Wednesday, September 26, 2007

On the eve of lunch service

While opening for lunch doesn't look like much on paper, it is a whole different beast in physical form. In reality I have the prospect of doubling my workload from what it's been thus far. This is not much of a challenge....but, what if, rather, WHEN, we get busy!!??

The joy of this lunch launching is that I've changed a few dinner items in an attempt to begin an upscale swing in the items offered. In turn, I've come to the conclusion that making sandwiches is not an emotionally satisfying event. I have added five wonderful sandwiches to the lunch menu. Items that are high quality, tasty sandwiches, but it's not at all rewarding. I plan on spending my lunchtime finding ways to improve expenses and increase income.

In mentioning this upscale swing, I am adding to the dinner menu a braised pork belly, a cassoulet, pickled pear salad, and a ratatouille dish that are knock-your-socks-off winners. The pork has a Dr. Pepper glaze that is even better than I imagined it would be. The cassoulet has lamb, pork, beef and duck and is turning into my favorite dish already. I mixed up the classic pear and blue cheese salad by pickling the pears and using them as the acid which usually lives in the vinaigrette, but I'm dressing the greens with maple syrup. Works perfectly; add some diced butternut squash and mm, mm good. Ratatouille is a classic. Even after the movie of the same name, no one has really latched on to this wonderful dish. I've been a fan since my youth, graduating to caponata, but always remembering a good ratatouille. It's one of the rare recipes where a large variety of ingredients work together instead of against each other in order to make something wonderful.

As for the sandwiches, the classic chicken salad is great, in fact I'm eating one right now as I type this, it's good. The Thai chicken wrap is also very tasty, there is a lot going on in that wrap, but overall it reminds me of pad thai, which was our goal. The roast beef is just there to be the best seller because every guy that comes in is gonna get a roast beef and a Dortmunder - done, out the door, while staring at the TV the whole time. Hurray! The grilled cheese is special to me because I love my grilled cheese with onion and tomato, and if it's just right the tomato is warm and juicy and the onion is still sharp....perfect. One of my favorite movies is "The Last Time I Committed Suicide." It's based on a letter written from Neal Cassady to Jack Kerouac. In the movie, Neal comments that his bedtime beau made the best grilled cheese; melted, yet raw on the inside....at this point in the movie, she then went in the bathroom and slit her wrists. I take this to mean this type of sandwich is really, really good!!! Finally the Pan Bagnat - the classic French tuna salad sandwich, have I doomed myself using the French on the menu??? I'm sure I have, but it's a holistic thing.
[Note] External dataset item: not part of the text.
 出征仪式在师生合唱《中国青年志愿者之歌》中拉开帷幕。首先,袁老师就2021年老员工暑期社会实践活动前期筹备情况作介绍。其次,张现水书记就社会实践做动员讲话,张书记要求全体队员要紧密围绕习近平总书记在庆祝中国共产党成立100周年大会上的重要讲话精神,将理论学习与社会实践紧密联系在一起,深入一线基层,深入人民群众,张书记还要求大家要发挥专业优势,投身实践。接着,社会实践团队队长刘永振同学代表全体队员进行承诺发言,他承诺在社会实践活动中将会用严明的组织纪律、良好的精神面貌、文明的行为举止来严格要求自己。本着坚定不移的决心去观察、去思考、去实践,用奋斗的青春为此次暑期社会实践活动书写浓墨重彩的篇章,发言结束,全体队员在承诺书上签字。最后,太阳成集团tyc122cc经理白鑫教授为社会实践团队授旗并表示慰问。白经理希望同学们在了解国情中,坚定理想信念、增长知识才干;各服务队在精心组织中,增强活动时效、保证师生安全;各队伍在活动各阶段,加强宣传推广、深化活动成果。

Tuna poached in olive oil, fresh made mayo, hard boiled egg, radish, I mean, there are parts of the world where this is the top seller, come on lunch crowd! You're all educated professionals, have some worldly culinary fun with me!

Saturday, September 22, 2007

Lunch Sandwiches

These are our new lunch sandwiches begining this Wednsday, September 26.
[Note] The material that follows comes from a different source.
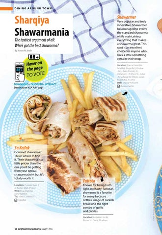 Location: Prince Faisal Bin Fahd Rd. (Pepsi Rd.), Khobar - Abu Bakr Alsiddiq St., Dammam - Al Shira’ St., Jubail - King Faisal St. (West), JubailRiyadh Rd., Al Ahsa Web: shawarmer.com shawarmerSA
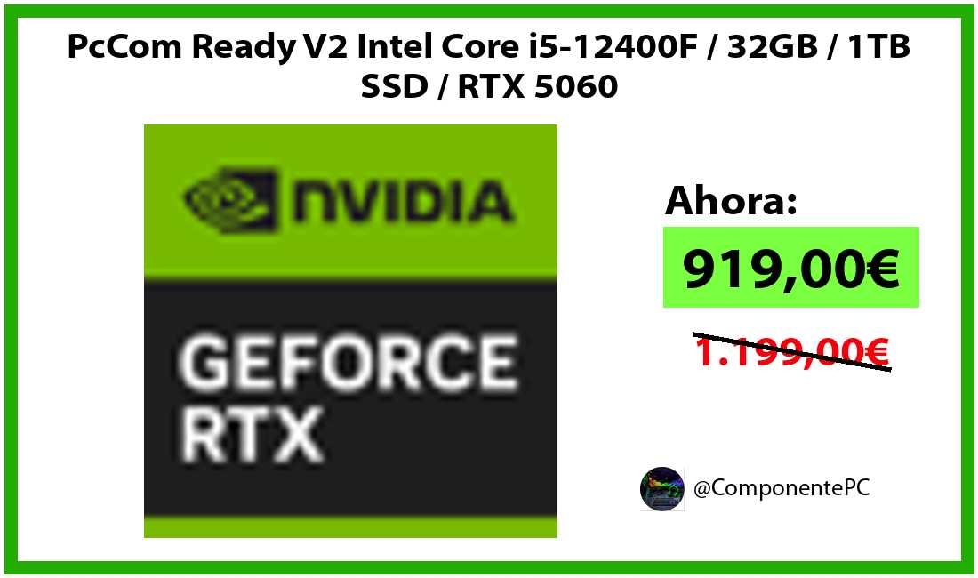 🔹PcCom Ready V2 Intel Core i5-12400F / 32GB / 1TB SSD / RTX 5060 solo 919,00€❗️⚡️(PVP: 1.199,00€)

Chicken Salad: Diced whole roased chicken meat blended with celery, shredded carrots, red onion, mayonnaise, and mustard. Served on thick cut white bread.

Thai Chicken Wrap: Modeled after Pad Thai whole roasted chicken is shredded and wrapped with carrots, scrambled eggs, peanut butter, and spicy hot pepper jelly.

French Pan Bagnat: Pan-bagnat means "wet bread". The Pan-bagnat is a popular lunchtime dish in the region around Nice, France where it is sold in most bakeries and on most markets. Our version is based around house poached and marinated Ahi tuna, which is fully cooked and flavored with garlic and rosemary. We add Ratatouille, hard boiled egg, radish, and chop scallions to this sandwich served on soft french bagette

Roast Beef: Classic roast beef cooked medium, and sliced swiss on rye bread with mixed greens, and a side of horseradish cream.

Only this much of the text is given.